§ **WORKING DATA**
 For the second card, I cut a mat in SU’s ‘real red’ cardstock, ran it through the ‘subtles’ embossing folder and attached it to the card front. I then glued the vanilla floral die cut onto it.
--
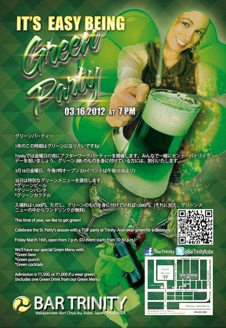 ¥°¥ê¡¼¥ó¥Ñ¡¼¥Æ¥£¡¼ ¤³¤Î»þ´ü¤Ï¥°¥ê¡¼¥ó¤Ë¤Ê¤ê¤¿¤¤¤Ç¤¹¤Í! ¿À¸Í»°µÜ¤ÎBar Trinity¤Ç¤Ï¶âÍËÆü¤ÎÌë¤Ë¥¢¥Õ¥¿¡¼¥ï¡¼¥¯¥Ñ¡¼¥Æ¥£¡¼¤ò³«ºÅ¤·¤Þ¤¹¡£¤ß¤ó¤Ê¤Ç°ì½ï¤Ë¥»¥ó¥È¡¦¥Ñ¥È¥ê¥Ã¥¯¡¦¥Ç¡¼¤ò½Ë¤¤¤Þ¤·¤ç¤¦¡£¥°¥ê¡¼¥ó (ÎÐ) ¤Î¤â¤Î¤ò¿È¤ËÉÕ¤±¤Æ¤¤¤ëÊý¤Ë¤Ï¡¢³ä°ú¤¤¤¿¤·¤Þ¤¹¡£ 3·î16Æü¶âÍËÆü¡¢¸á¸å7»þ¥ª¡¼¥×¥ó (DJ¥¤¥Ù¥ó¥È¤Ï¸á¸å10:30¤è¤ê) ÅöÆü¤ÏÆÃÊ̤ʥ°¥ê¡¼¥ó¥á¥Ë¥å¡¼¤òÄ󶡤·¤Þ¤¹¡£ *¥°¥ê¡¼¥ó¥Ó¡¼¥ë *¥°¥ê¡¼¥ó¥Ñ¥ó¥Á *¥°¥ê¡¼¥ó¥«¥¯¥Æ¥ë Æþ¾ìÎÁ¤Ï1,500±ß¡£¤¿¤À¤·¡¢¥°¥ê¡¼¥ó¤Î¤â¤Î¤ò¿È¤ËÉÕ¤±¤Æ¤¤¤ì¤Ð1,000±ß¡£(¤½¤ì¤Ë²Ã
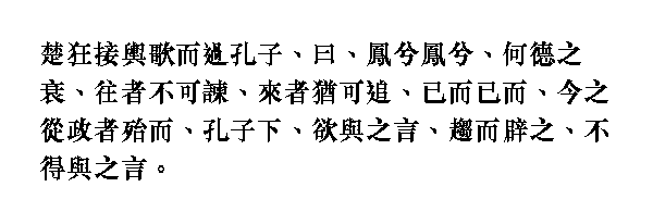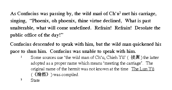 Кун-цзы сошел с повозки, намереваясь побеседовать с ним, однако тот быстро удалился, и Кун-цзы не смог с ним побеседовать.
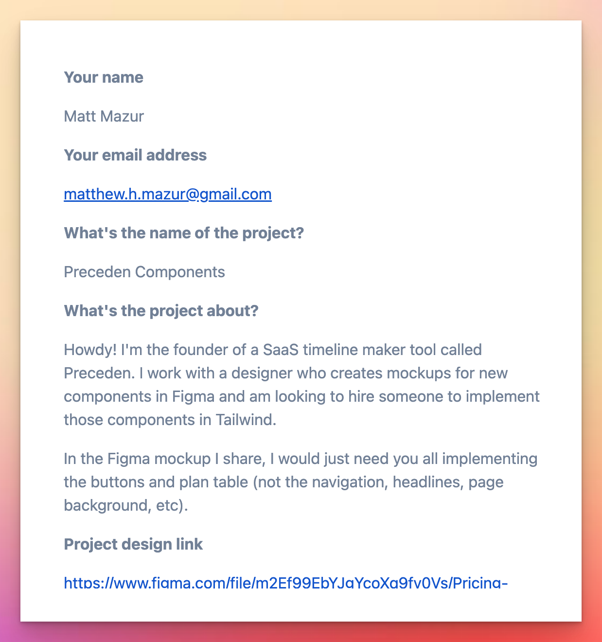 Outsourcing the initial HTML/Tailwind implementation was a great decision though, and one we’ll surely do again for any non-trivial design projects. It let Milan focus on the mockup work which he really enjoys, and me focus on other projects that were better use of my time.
...
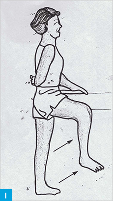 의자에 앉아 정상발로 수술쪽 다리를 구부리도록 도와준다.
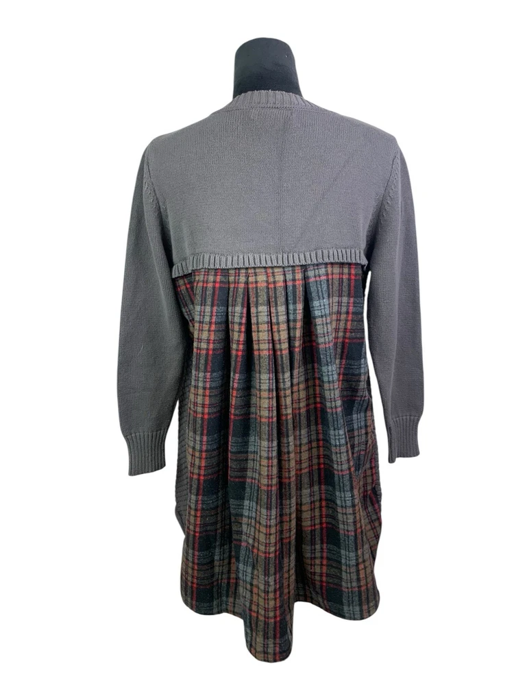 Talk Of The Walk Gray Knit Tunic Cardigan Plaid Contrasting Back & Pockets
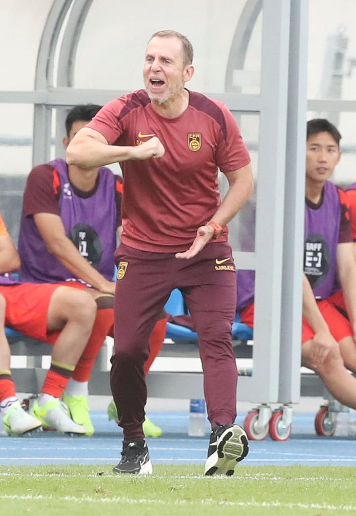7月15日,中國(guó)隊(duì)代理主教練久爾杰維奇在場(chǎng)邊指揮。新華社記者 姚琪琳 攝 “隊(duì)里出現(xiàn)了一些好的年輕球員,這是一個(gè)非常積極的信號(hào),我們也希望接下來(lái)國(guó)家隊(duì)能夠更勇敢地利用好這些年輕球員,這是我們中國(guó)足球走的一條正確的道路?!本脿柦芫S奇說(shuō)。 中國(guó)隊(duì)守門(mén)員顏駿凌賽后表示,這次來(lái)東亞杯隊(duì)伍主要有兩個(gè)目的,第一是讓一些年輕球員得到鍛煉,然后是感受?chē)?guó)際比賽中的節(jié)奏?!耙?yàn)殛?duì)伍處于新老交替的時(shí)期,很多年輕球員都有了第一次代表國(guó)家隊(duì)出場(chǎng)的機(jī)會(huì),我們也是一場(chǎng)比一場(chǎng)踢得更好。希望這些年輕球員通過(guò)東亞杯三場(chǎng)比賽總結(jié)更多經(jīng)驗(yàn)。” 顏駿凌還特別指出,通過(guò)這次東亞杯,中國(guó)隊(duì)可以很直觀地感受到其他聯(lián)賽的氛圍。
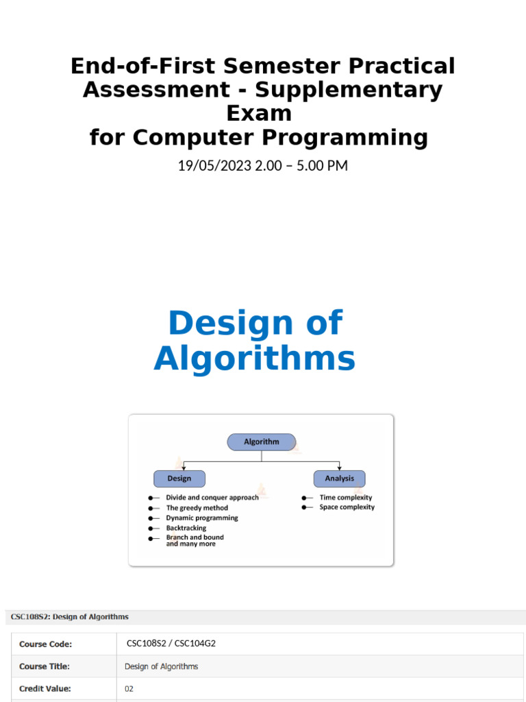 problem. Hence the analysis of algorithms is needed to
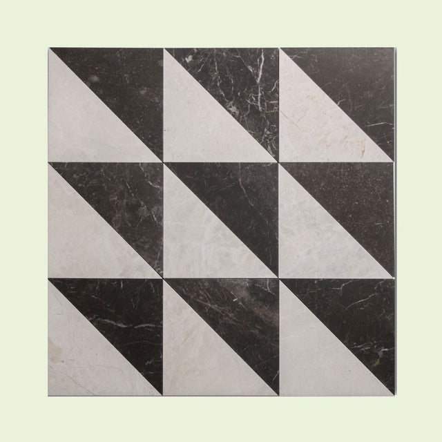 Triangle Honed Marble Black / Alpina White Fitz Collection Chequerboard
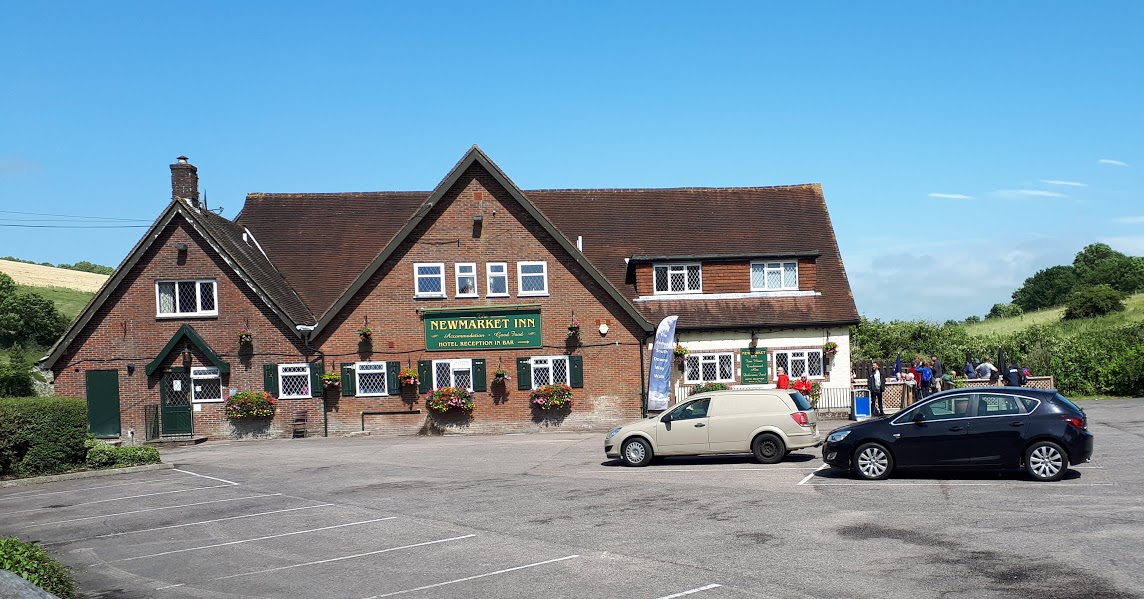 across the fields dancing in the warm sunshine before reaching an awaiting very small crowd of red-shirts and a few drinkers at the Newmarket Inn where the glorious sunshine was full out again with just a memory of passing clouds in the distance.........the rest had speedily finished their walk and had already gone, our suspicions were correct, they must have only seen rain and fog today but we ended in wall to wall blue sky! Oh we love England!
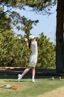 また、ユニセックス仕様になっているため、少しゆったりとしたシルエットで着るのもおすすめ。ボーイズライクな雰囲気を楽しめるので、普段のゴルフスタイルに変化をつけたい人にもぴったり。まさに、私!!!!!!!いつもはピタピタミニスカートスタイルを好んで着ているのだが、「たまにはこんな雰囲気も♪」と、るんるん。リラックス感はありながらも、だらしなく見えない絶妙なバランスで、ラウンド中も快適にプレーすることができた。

§ **EXERCISE DETAILS**
The lines to reproduce run from the one above containing "Talk Of The" through the one containing "また、ユニセックス仕様になっ". Copy them exactly and leave out all pictures.

§ **ANSWER AREA**
 Talk Of The Walk Gray Knit Tunic Cardigan Plaid Contrasting Back & Pockets
7月15日,中國(guó)隊(duì)代理主教練久爾杰維奇在場(chǎng)邊指揮。新華社記者 姚琪琳 攝 “隊(duì)里出現(xiàn)了一些好的年輕球員,這是一個(gè)非常積極的信號(hào),我們也希望接下來(lái)國(guó)家隊(duì)能夠更勇敢地利用好這些年輕球員,這是我們中國(guó)足球走的一條正確的道路?!本脿柦芫S奇說(shuō)。 中國(guó)隊(duì)守門(mén)員顏駿凌賽后表示,這次來(lái)東亞杯隊(duì)伍主要有兩個(gè)目的,第一是讓一些年輕球員得到鍛煉,然后是感受?chē)?guó)際比賽中的節(jié)奏?!耙?yàn)殛?duì)伍處于新老交替的時(shí)期,很多年輕球員都有了第一次代表國(guó)家隊(duì)出場(chǎng)的機(jī)會(huì),我們也是一場(chǎng)比一場(chǎng)踢得更好。希望這些年輕球員通過(guò)東亞杯三場(chǎng)比賽總結(jié)更多經(jīng)驗(yàn)。” 顏駿凌還特別指出,通過(guò)這次東亞杯,中國(guó)隊(duì)可以很直觀地感受到其他聯(lián)賽的氛圍。
 problem. Hence the analysis of algorithms is needed to
 Triangle Honed Marble Black / Alpina White Fitz Collection Chequerboard
 across the fields dancing in the warm sunshine before reaching an awaiting very small crowd of red-shirts and a few drinkers at the Newmarket Inn where the glorious sunshine was full out again with just a memory of passing clouds in the distance.........the rest had speedily finished their walk and had already gone, our suspicions were correct, they must have only seen rain and fog today but we ended in wall to wall blue sky! Oh we love England!
 また、ユニセックス仕様になっているため、少しゆったりとしたシルエットで着るのもおすすめ。ボーイズライクな雰囲気を楽しめるので、普段のゴルフスタイルに変化をつけたい人にもぴったり。まさに、私!!!!!!!いつもはピタピタミニスカートスタイルを好んで着ているのだが、「たまにはこんな雰囲気も♪」と、るんるん。リラックス感はありながらも、だらしなく見えない絶妙なバランスで、ラウンド中も快適にプレーすることができた。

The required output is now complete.